Execution of an agreement to arbitrate any disputes with the Company on the Company’s standard form.

This letter reflects the terms and conditions of your employment. Accordingly, it supersedes and completely replaces any prior oral or written communication on this subject. This letter is not an employment contract and should not be construed or interpreted as containing any guarantee of continued employment. The employment relationship at our Company is by mutual consent (“Employment-At-Will”). This means that employees have the right to terminate their employment at any time and for any reason. Likewise, the Company reserves the right to discontinue your employment with or without cause at any time and for any reason.
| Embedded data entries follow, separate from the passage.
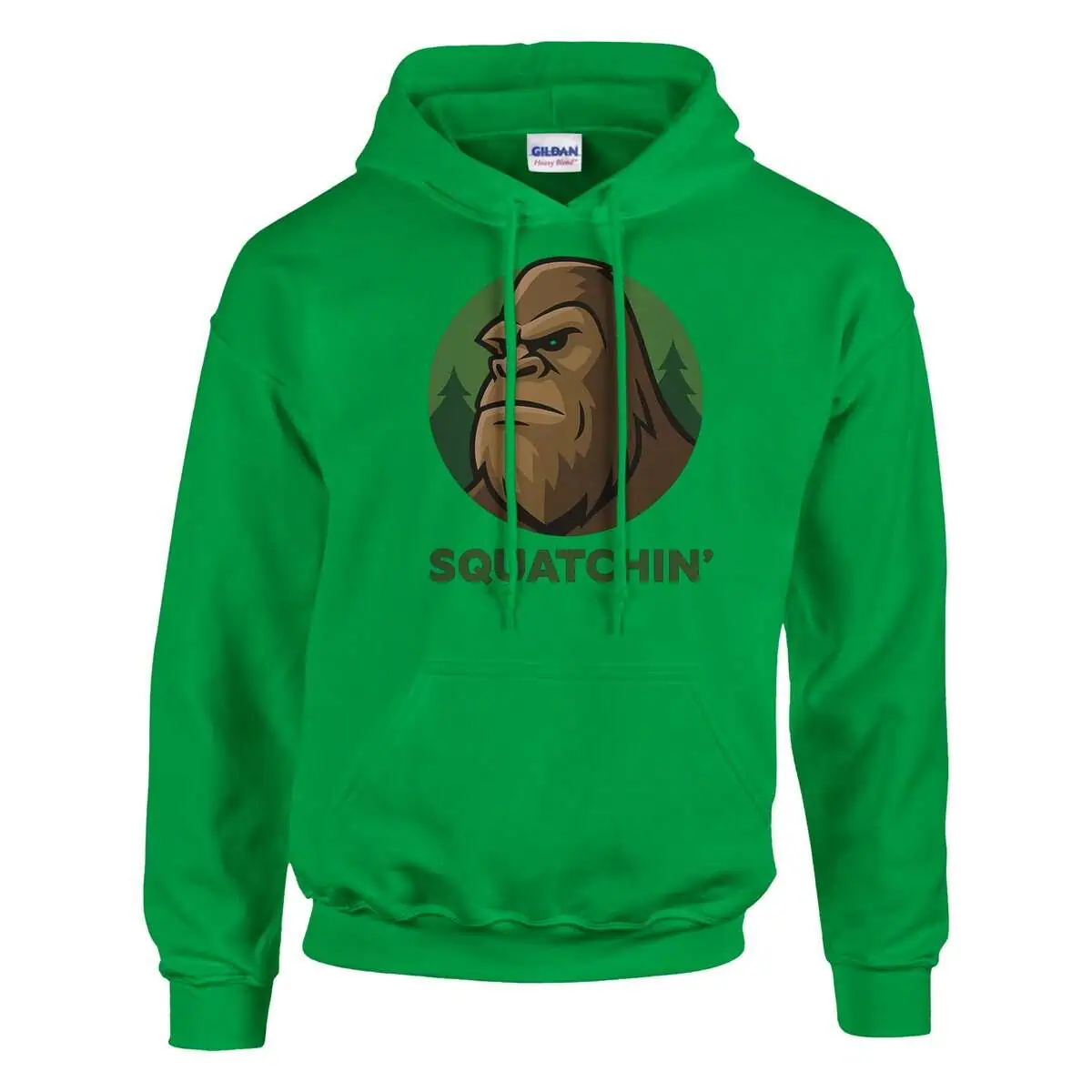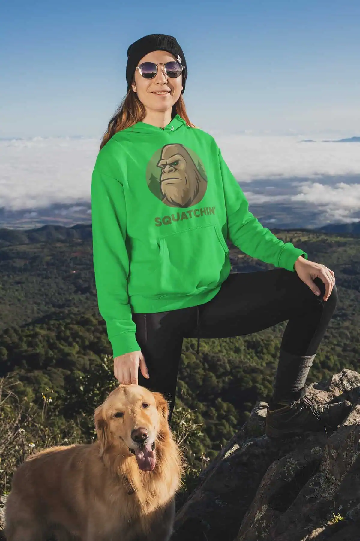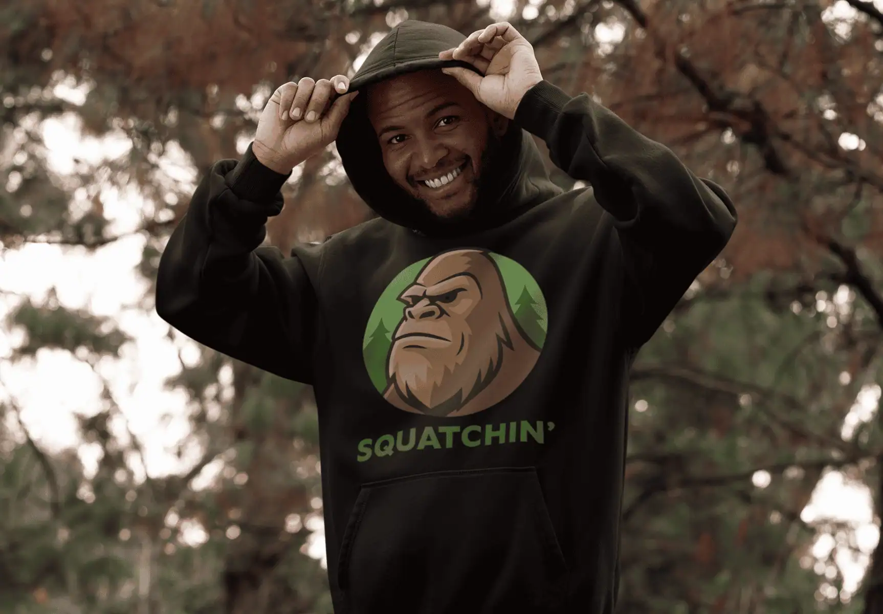 Whether you’re an amateur squatcher, a die-hard cryptid hunter, or shopping for the perfect gift for a Bigfoot believer, this hoodie keeps you warm and weird. The bold cartoon design features a stylized Sasquatch in shades with a retro forest backdrop and the word “Squatchin’” front and center — because, let’s be honest, you’re always squatchin’.
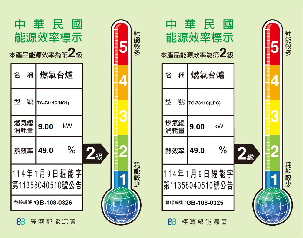LPG 共9.0kW (0.645kg/h) NG 共9.0kW(7,740kcal/h) |
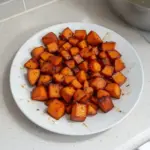 4. Roast for about 25 minutes or until tender and golden brown, stirring halfway through. This step encourages even cooking and ensures that every sweet potato piece develops that desirable caramelization.
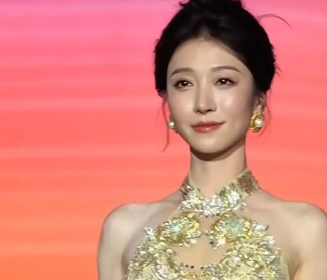这一晚,她的礼服是一件简约大方的中式连衣裙,搭配典雅的中式盘发,不落于俗套,营造出清新温婉的风格。
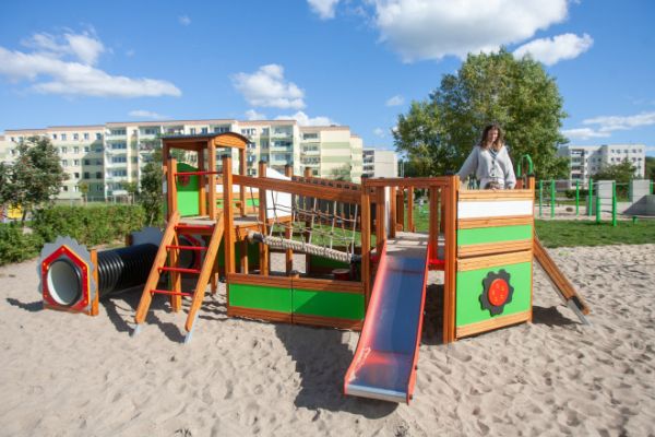 Børn vil nyde de spændende rutschebaner lavet af både lærketræ og rustfrit stål, som garanterer glidende og sikre ture. De forstærkede reb af polypropylen samt de skridsikre, vandfaste krydsfinerplader øger sikkerheden og tillader en tryg og stabil leg. Samtidig giver stålplader dækket med plastisol ekstra komfort og funktionalitet.
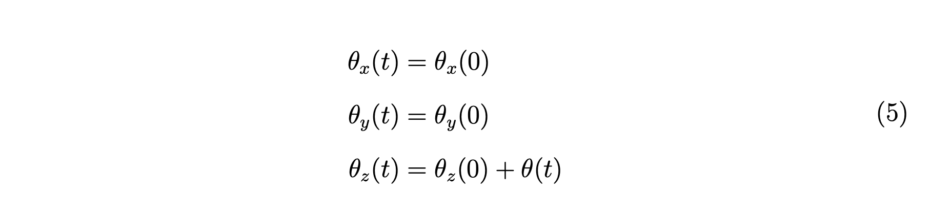 在这部分中,我们将金字塔的位置固定在世界中心 $(5,5,0)$ 上,我们围绕它旋转相机,同时保持相机指向金字塔。 在我们的代码中,相机位置由变量 $camT(t)$ 控制,我们添加相机的旋转,如方程式 4 所示。 指向角由 $\theta_x$、$\theta_y$ 和 $\theta_z$ 控制,其中 $\theta_x$ 分别是围绕 $X$ 轴和其他轴的旋转角度。 由于我们的相机仅在 $XOY$ 平面内旋转,因此我们的角度控制如方程式 5 所示。
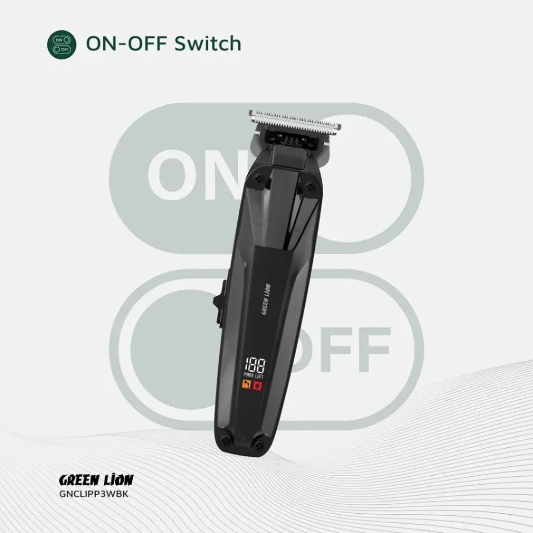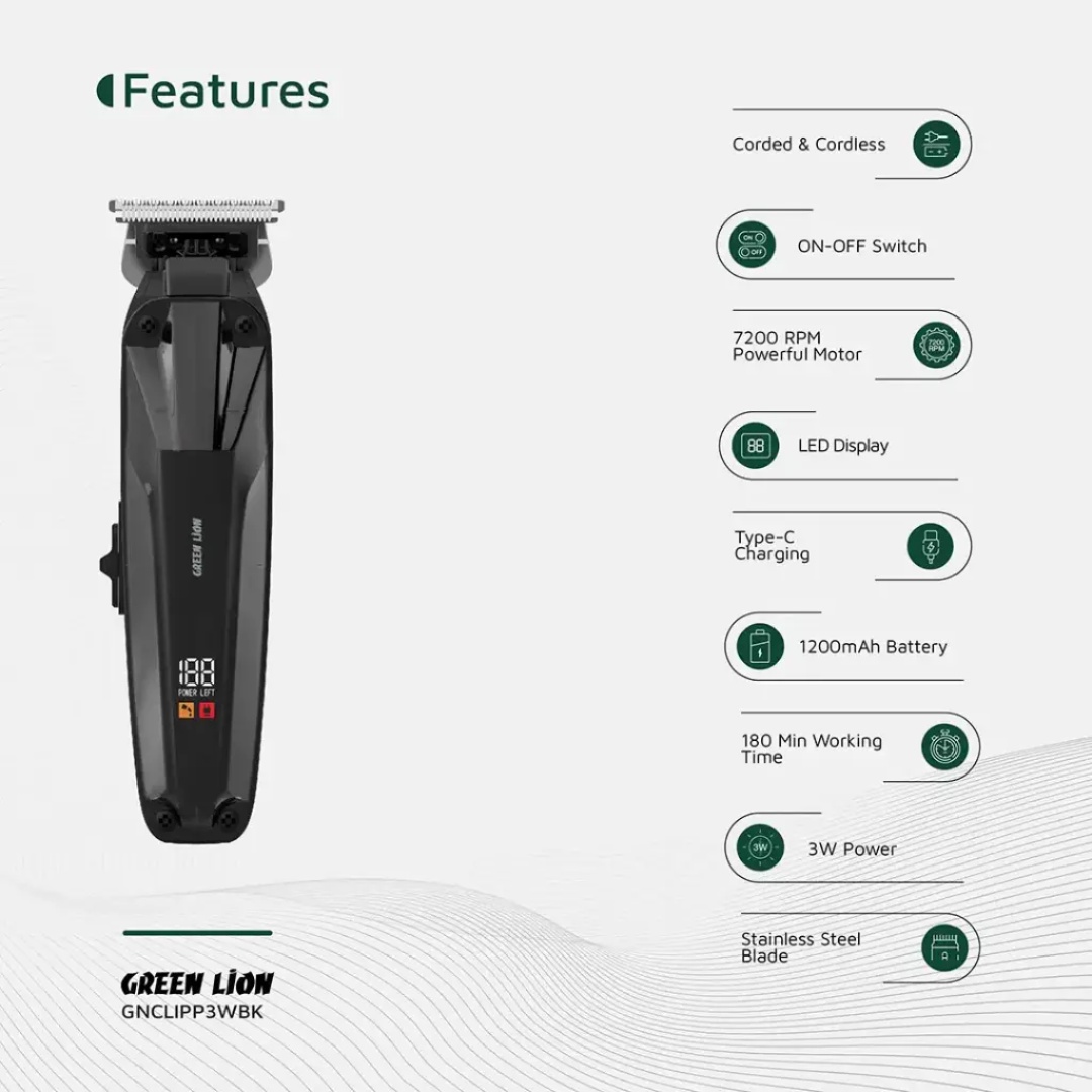 Green Lion Clip Master Professional Hair Clipper is professional-grade, long-lasting, and precision quality. This clipper has a high-performance FF-280PA motor of 7200 RPM and provides practical and smooth trimming. Stainless steel blades provide a clean and crisp cut, and adjustable comb sizes (1.5/3/4.5mm) provide different styling. It has a 1200mAh battery, offering 3 hours of uninterrupted use in a single 2.5-hour charge from its Type-C charging port. The LED screen provides a real-time battery level, ensuring smooth grooming sessions. Both corded and cordless, the Green Lion Clip Master is the epitome of convenience and ease of use. The ergonomic ABS + PC body gives a comfortable grip, and the on-off switch is simple to use. This powerful and long-lasting clipper is guaranteed to deliver an ideal grooming experience every time for personal or commercial use.

Again, Fred, we look forward to you joining Landstar System Holdings, Inc. and wish you a prosperous career here. Please indicate your acceptance of this offer below and return the original to me no later than May 21, 2021. Please keep a copy of this offer for your personal records.

Sincerely,

/s/ James B. Gattoni

James B. Gattoni

President and Chief Executive Officer

Landstar System Holdings, Inc.


I accept the offer as stated above and will tentatively commence my employment on May 24, 2021. I understand and acknowledge that this offer does not guarantee me employment for any period of time and that the employment relationship between Landstar and me will be “at will,” which means that either Landstar or I may terminate the relationship at any time.